Data supplied:
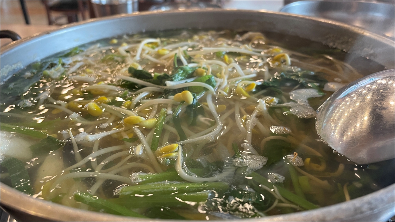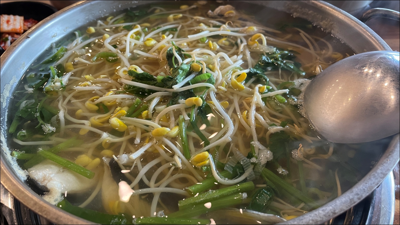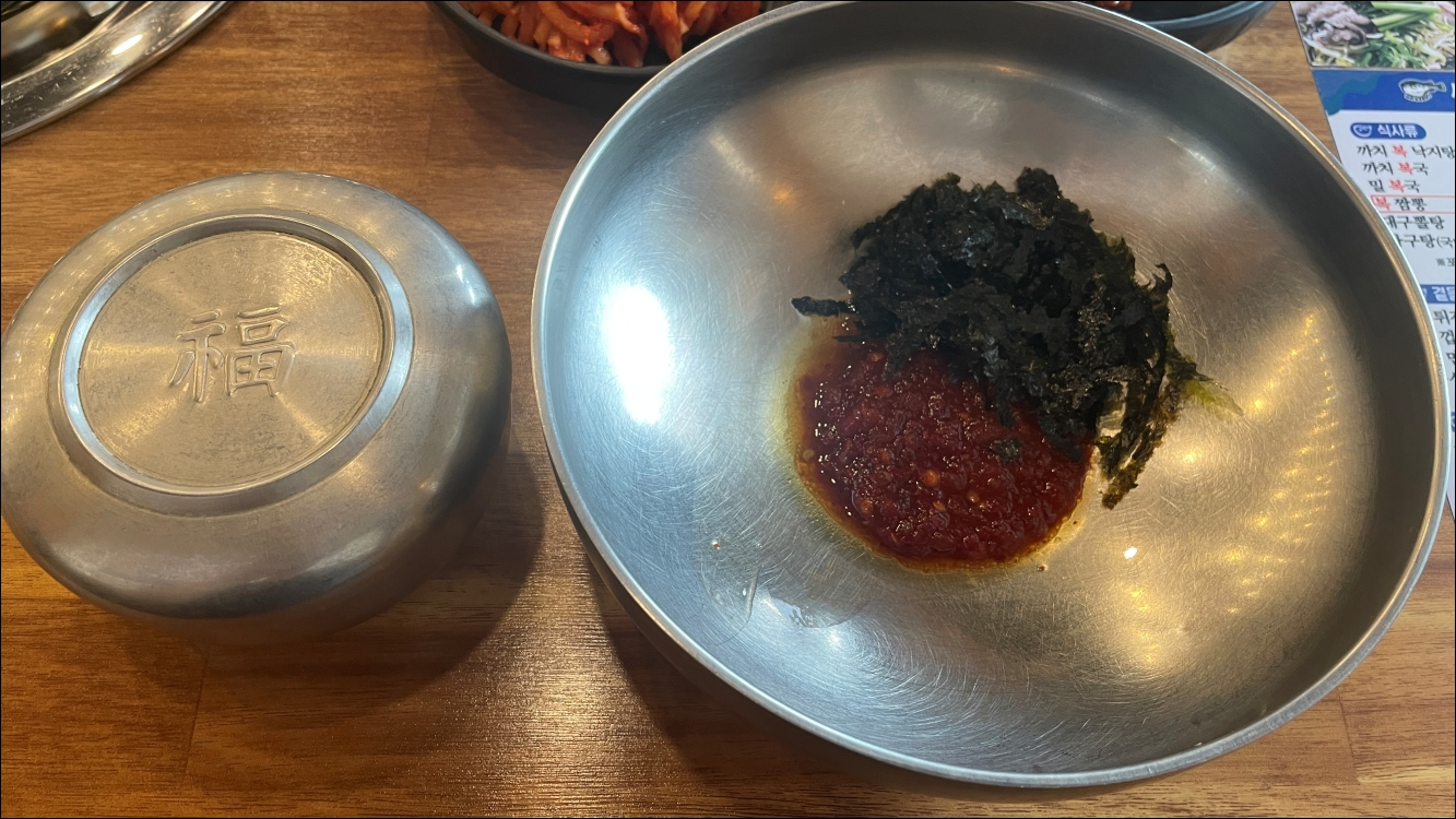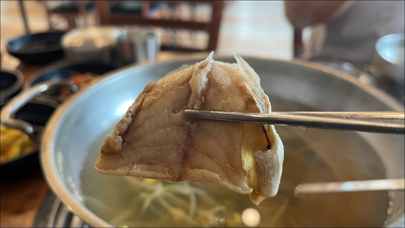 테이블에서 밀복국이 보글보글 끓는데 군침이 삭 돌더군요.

--

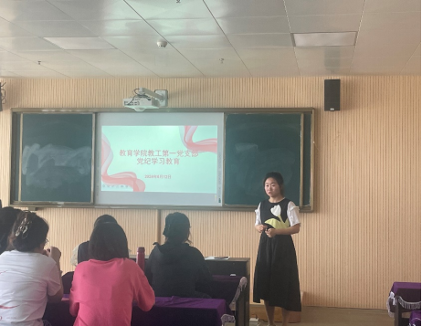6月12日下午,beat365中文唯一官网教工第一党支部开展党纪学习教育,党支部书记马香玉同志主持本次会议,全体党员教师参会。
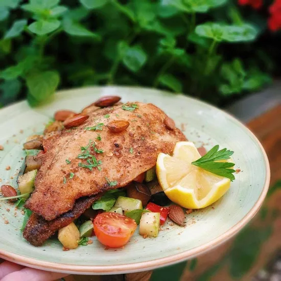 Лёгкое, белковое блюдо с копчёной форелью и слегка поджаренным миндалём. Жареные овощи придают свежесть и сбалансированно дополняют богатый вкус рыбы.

--

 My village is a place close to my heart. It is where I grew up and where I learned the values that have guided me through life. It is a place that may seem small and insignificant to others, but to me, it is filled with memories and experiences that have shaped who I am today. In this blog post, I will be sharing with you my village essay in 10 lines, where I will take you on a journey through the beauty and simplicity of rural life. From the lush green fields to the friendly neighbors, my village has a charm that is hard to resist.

How to complete this task:
Look above for the line containing "6月12日下午,beat36" and the line containing "Лёгкое, белковое блюдо", then reproduce both and everything between them exactly, pictures omitted.

Result:
6月12日下午,beat365中文唯一官网教工第一党支部开展党纪学习教育,党支部书记马香玉同志主持本次会议,全体党员教师参会。
 Лёгкое, белковое блюдо с копчёной форелью и слегка поджаренным миндалём. Жареные овощи придают свежесть и сбалансированно дополняют богатый вкус рыбы.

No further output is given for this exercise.